Input records Start Marker
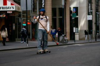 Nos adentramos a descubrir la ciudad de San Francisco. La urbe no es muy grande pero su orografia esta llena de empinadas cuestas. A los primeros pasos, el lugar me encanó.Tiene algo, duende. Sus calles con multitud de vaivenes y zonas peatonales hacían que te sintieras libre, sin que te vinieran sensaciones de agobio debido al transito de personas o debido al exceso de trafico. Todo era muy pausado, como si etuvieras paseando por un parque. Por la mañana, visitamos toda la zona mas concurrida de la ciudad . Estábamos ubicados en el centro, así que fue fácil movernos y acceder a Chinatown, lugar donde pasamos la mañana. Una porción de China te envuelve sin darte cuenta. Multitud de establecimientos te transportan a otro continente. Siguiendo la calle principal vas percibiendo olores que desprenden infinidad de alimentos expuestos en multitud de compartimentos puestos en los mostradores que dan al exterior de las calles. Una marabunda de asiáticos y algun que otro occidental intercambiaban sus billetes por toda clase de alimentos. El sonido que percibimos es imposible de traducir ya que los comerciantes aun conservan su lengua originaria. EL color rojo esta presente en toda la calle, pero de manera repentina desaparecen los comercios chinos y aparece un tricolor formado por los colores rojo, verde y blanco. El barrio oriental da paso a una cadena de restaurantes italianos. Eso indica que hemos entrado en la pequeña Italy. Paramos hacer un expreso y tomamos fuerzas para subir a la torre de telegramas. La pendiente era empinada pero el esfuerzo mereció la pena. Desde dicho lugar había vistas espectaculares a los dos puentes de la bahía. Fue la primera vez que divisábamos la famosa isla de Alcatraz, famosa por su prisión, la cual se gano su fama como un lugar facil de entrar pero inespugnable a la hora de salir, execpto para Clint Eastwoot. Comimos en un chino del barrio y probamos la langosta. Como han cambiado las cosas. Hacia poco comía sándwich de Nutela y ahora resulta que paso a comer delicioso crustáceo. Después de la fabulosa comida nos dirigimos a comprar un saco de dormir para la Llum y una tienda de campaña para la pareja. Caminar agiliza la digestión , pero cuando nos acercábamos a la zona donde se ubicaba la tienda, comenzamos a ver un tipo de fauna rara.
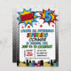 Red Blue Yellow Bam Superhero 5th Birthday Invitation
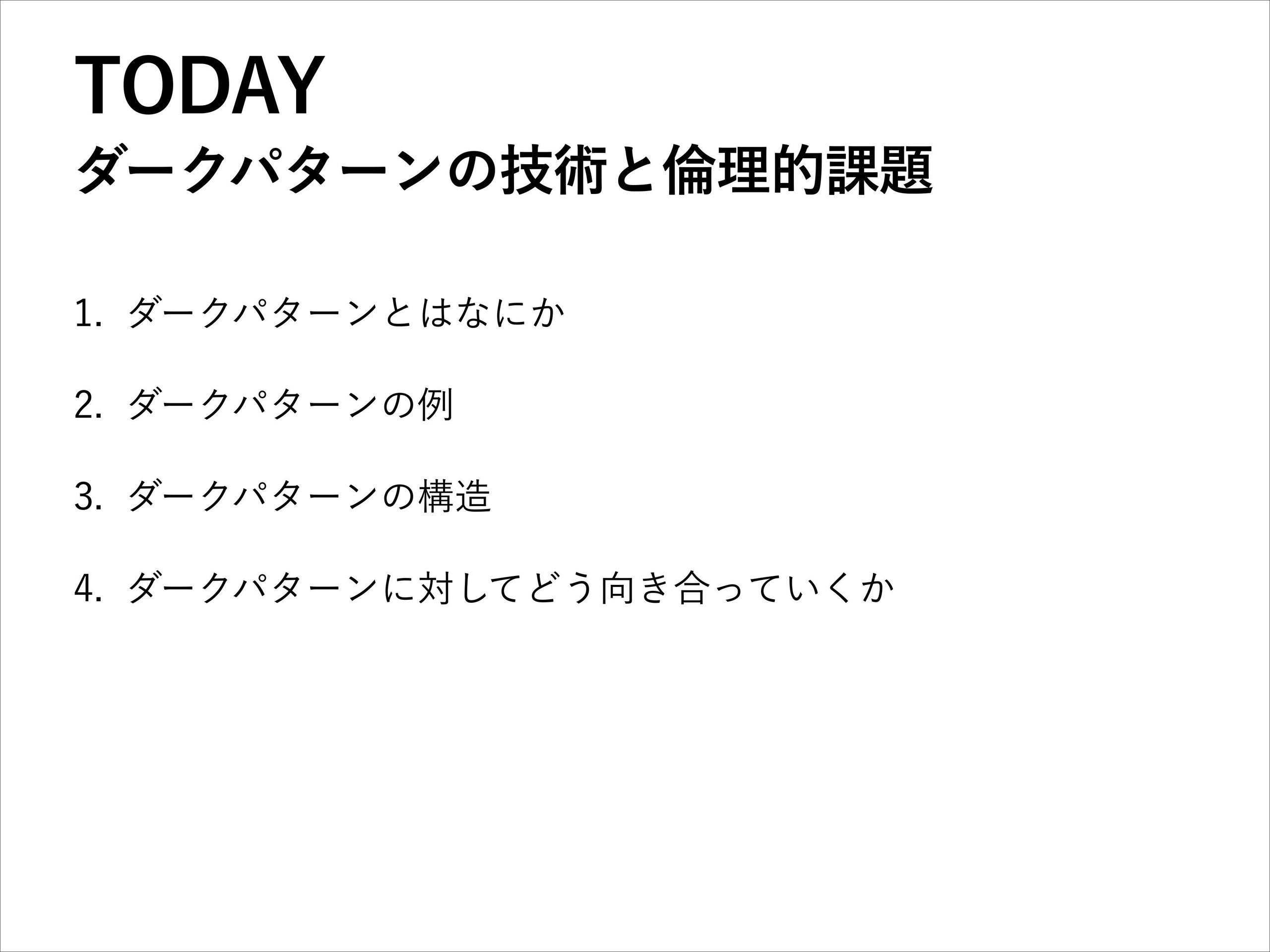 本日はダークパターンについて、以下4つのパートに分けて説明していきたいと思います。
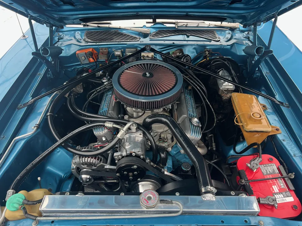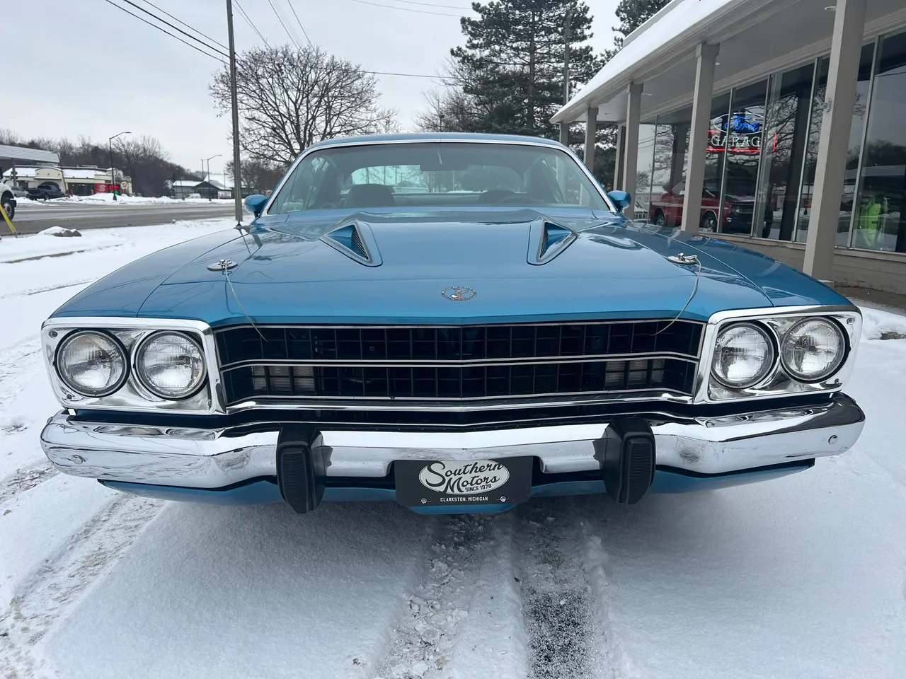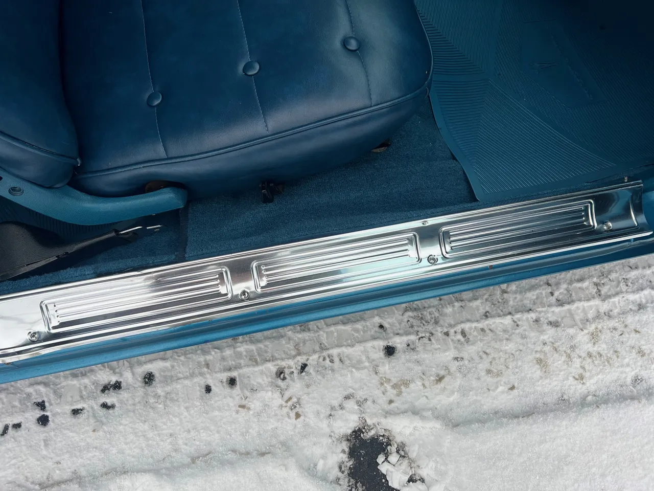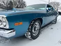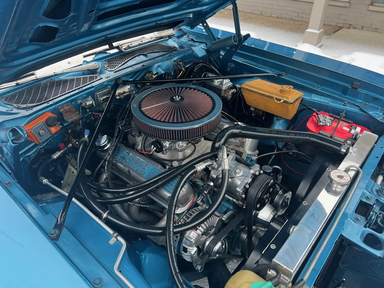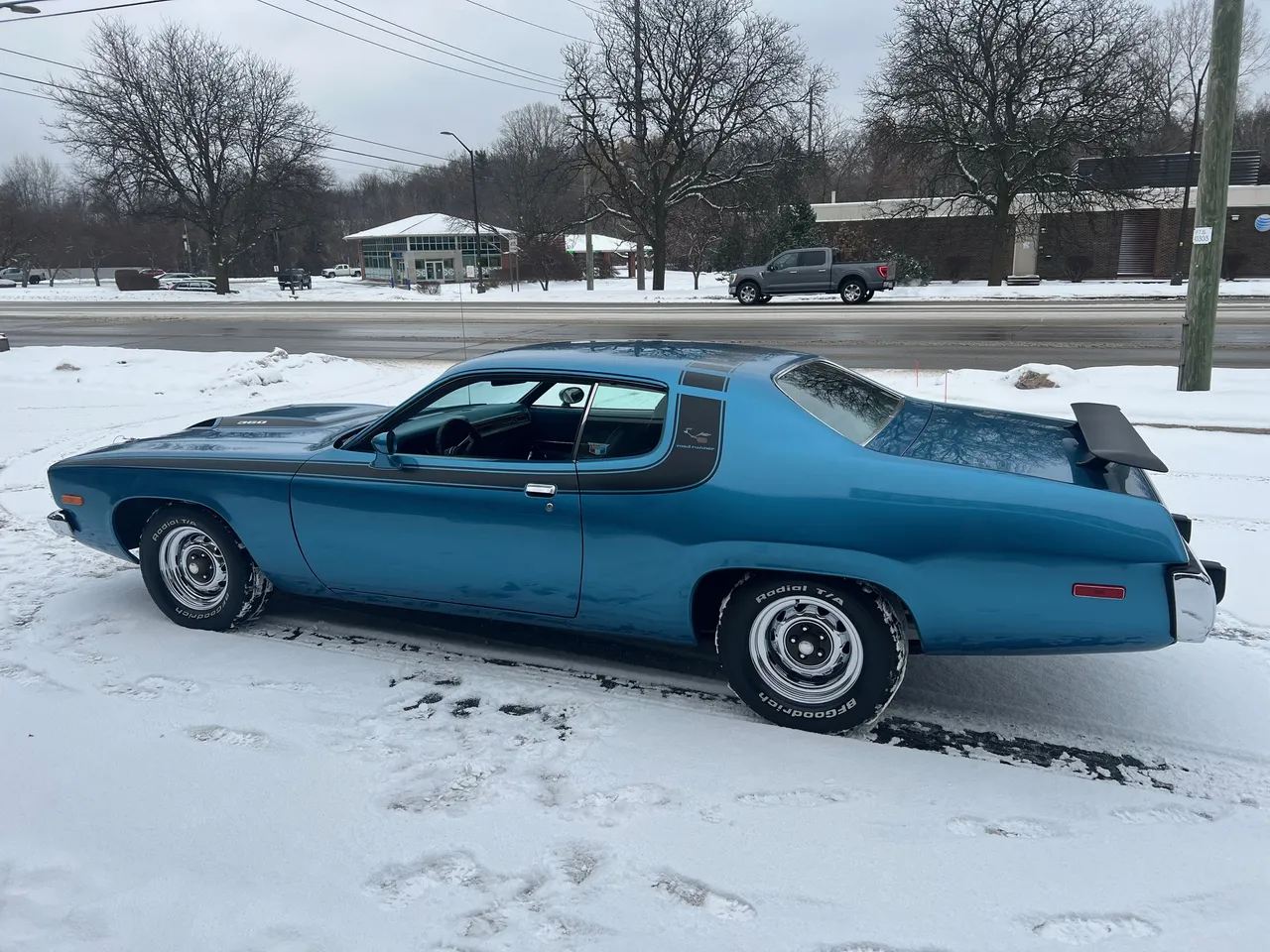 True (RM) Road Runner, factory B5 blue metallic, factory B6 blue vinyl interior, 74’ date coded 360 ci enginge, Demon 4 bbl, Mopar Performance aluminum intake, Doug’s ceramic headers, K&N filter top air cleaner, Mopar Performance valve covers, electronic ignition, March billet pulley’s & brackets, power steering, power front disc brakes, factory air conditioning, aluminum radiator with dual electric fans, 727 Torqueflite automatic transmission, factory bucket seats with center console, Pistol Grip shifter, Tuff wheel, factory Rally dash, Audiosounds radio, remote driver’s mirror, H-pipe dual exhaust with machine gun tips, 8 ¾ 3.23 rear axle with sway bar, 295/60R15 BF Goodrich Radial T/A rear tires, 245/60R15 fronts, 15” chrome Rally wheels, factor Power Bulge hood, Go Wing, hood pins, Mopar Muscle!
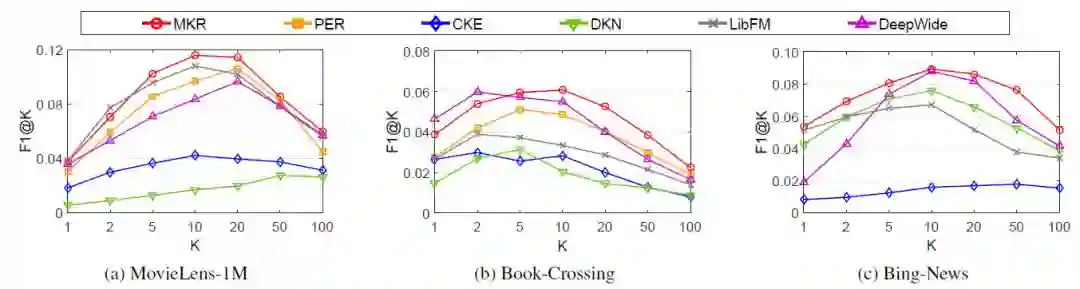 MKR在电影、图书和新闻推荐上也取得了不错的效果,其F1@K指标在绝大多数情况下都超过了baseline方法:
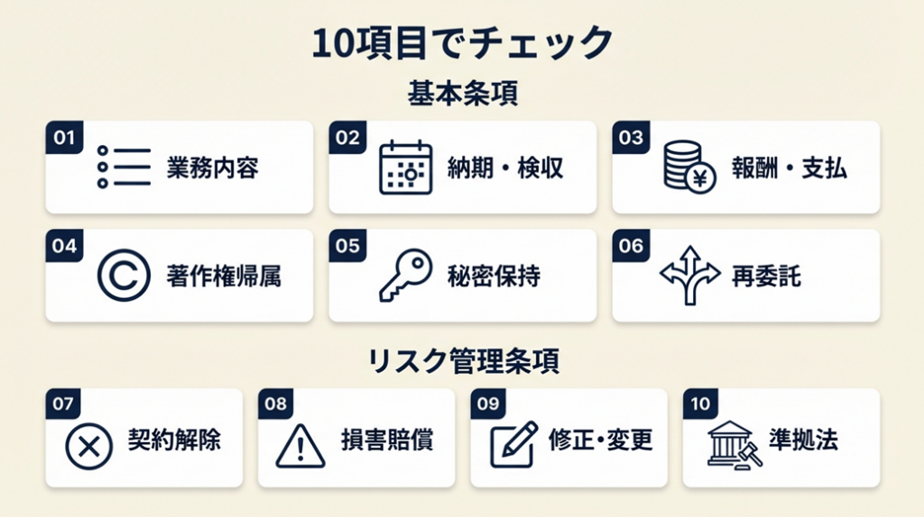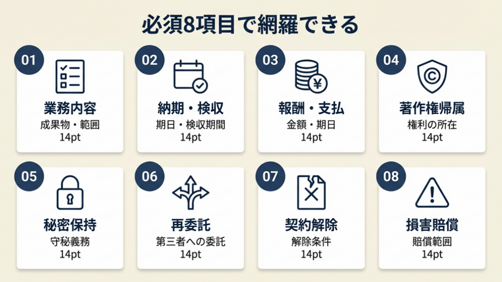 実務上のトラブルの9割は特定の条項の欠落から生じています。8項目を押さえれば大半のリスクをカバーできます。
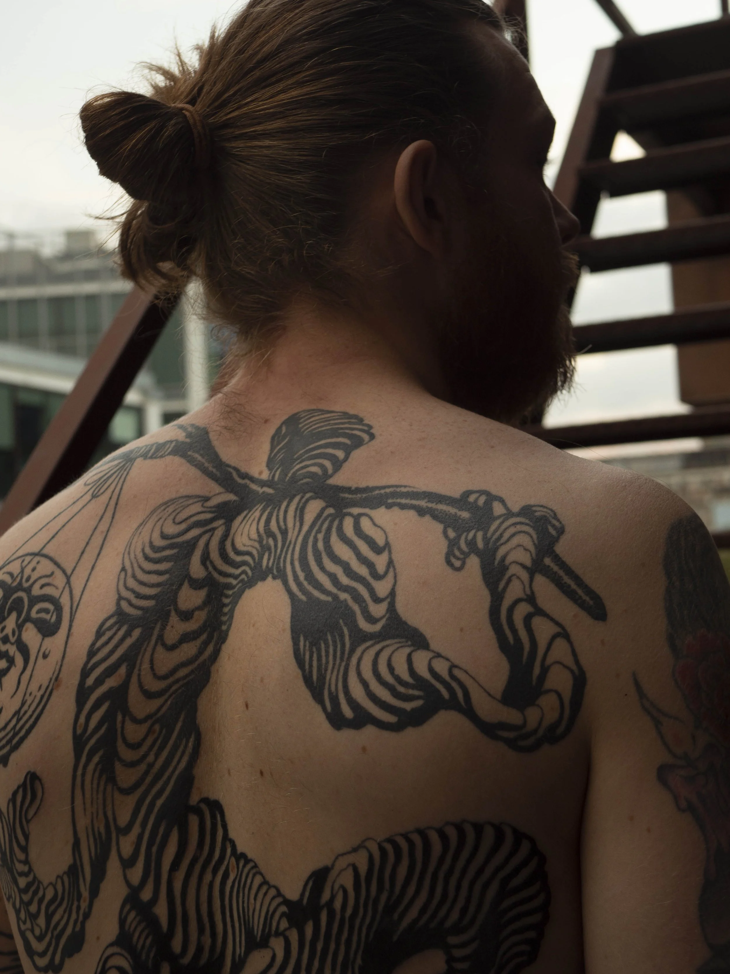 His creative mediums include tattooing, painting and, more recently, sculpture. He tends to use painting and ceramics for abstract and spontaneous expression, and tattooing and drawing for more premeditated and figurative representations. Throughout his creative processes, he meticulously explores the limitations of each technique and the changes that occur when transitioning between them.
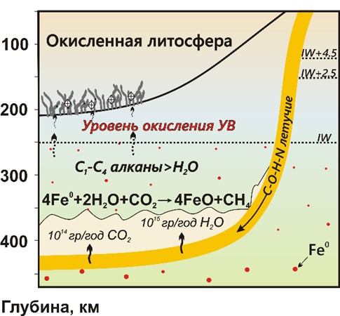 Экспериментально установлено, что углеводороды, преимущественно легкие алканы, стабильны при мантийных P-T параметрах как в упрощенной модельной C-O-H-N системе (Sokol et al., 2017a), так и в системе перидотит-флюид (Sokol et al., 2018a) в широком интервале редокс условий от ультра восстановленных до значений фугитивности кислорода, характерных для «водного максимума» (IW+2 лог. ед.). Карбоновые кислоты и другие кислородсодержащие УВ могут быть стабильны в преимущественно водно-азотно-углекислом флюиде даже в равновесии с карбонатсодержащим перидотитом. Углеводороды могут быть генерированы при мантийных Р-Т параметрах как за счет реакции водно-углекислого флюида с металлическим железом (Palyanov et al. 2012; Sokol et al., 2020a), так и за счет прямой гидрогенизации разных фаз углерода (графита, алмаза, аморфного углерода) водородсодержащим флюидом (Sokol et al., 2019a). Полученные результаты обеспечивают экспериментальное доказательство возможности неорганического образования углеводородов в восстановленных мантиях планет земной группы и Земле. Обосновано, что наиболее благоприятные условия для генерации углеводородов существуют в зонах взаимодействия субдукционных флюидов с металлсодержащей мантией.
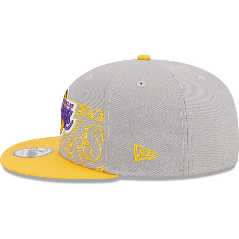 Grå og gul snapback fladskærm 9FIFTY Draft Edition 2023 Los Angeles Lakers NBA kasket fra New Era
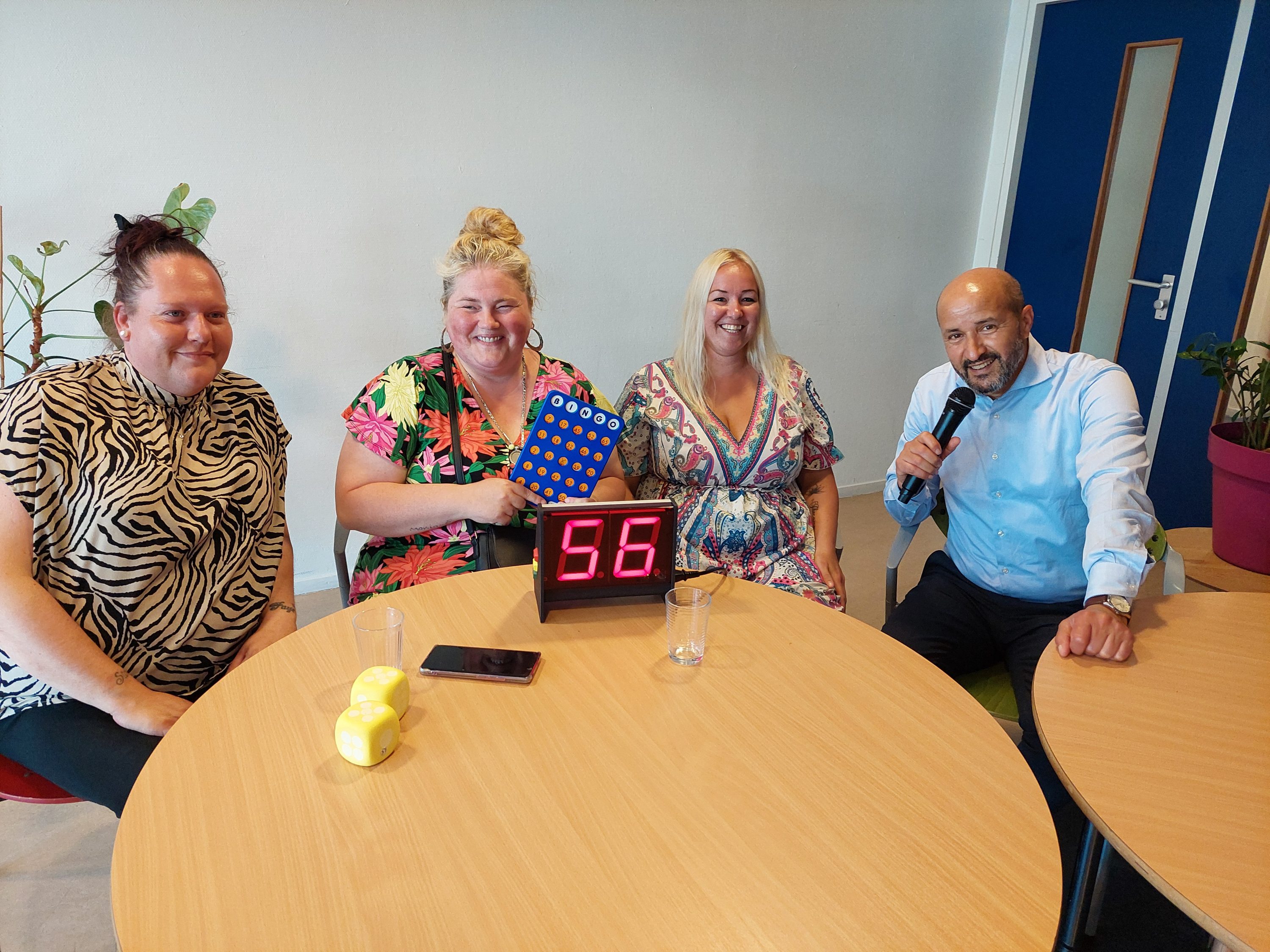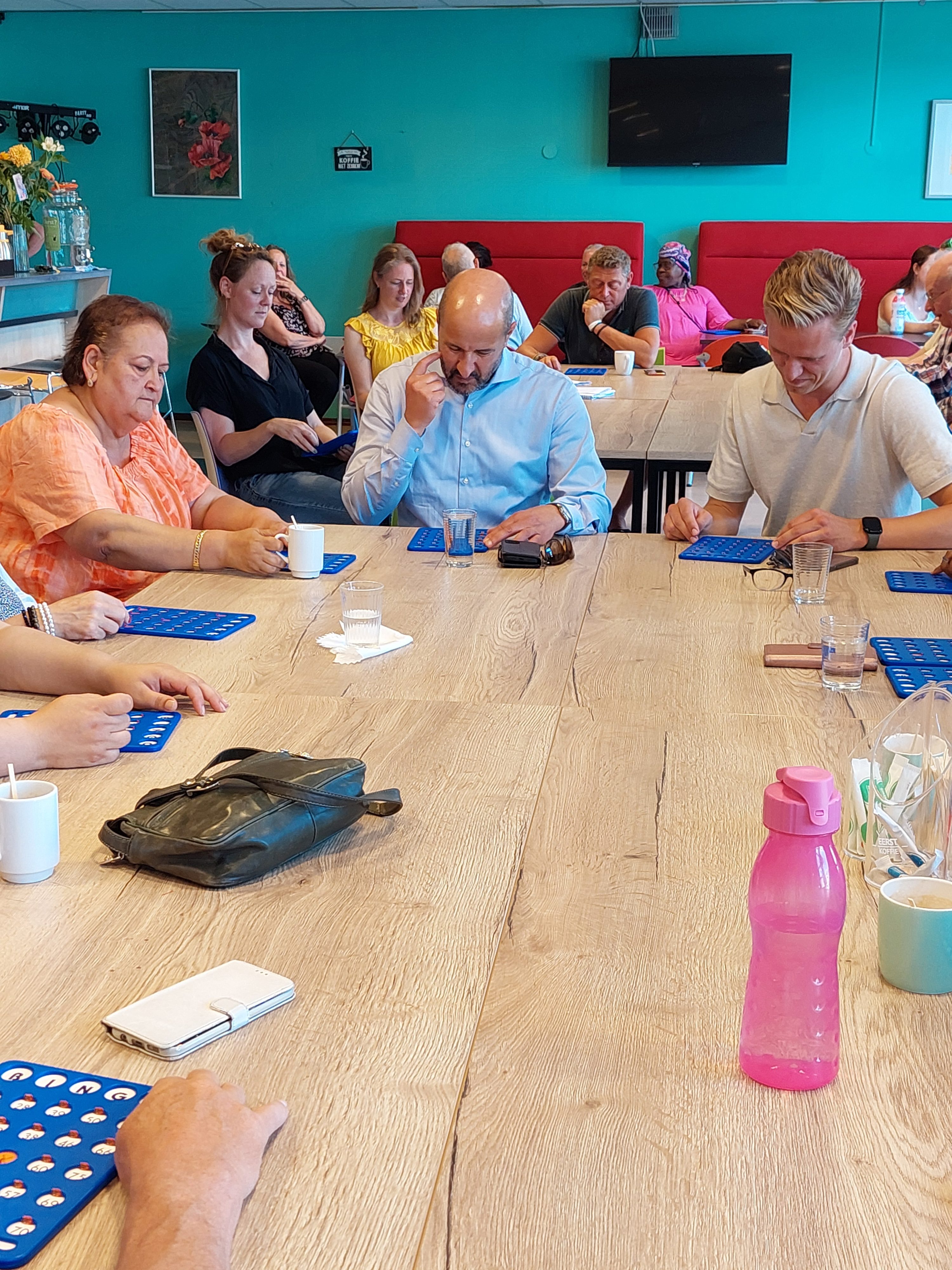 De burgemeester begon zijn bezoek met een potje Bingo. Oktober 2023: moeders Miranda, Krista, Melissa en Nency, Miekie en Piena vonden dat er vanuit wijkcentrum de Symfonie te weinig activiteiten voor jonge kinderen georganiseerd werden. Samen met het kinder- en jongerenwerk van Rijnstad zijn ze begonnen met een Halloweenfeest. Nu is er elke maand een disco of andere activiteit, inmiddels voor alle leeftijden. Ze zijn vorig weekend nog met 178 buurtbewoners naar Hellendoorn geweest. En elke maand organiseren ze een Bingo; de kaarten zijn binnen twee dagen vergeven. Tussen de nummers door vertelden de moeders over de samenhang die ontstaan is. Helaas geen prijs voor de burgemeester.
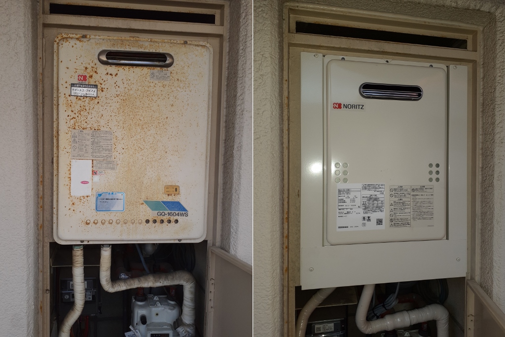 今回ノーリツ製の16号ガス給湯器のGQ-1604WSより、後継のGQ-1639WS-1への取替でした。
Input records End Marker
Problem to work on:
Using the data above, retype exactly the lines from the line with "Red Blue Yellow" to the line with "His creative mediums", inclusive. No pictures and nothing else.

Exercise response:
 Red Blue Yellow Bam Superhero 5th Birthday Invitation
 本日はダークパターンについて、以下4つのパートに分けて説明していきたいと思います。
 True (RM) Road Runner, factory B5 blue metallic, factory B6 blue vinyl interior, 74’ date coded 360 ci enginge, Demon 4 bbl, Mopar Performance aluminum intake, Doug’s ceramic headers, K&N filter top air cleaner, Mopar Performance valve covers, electronic ignition, March billet pulley’s & brackets, power steering, power front disc brakes, factory air conditioning, aluminum radiator with dual electric fans, 727 Torqueflite automatic transmission, factory bucket seats with center console, Pistol Grip shifter, Tuff wheel, factory Rally dash, Audiosounds radio, remote driver’s mirror, H-pipe dual exhaust with machine gun tips, 8 ¾ 3.23 rear axle with sway bar, 295/60R15 BF Goodrich Radial T/A rear tires, 245/60R15 fronts, 15” chrome Rally wheels, factor Power Bulge hood, Go Wing, hood pins, Mopar Muscle!
 MKR在电影、图书和新闻推荐上也取得了不错的效果,其F1@K指标在绝大多数情况下都超过了baseline方法:
 実務上のトラブルの9割は特定の条項の欠落から生じています。8項目を押さえれば大半のリスクをカバーできます。
 His creative mediums include tattooing, painting and, more recently, sculpture. He tends to use painting and ceramics for abstract and spontaneous expression, and tattooing and drawing for more premeditated and figurative representations. Throughout his creative processes, he meticulously explores the limitations of each technique and the changes that occur when transitioning between them.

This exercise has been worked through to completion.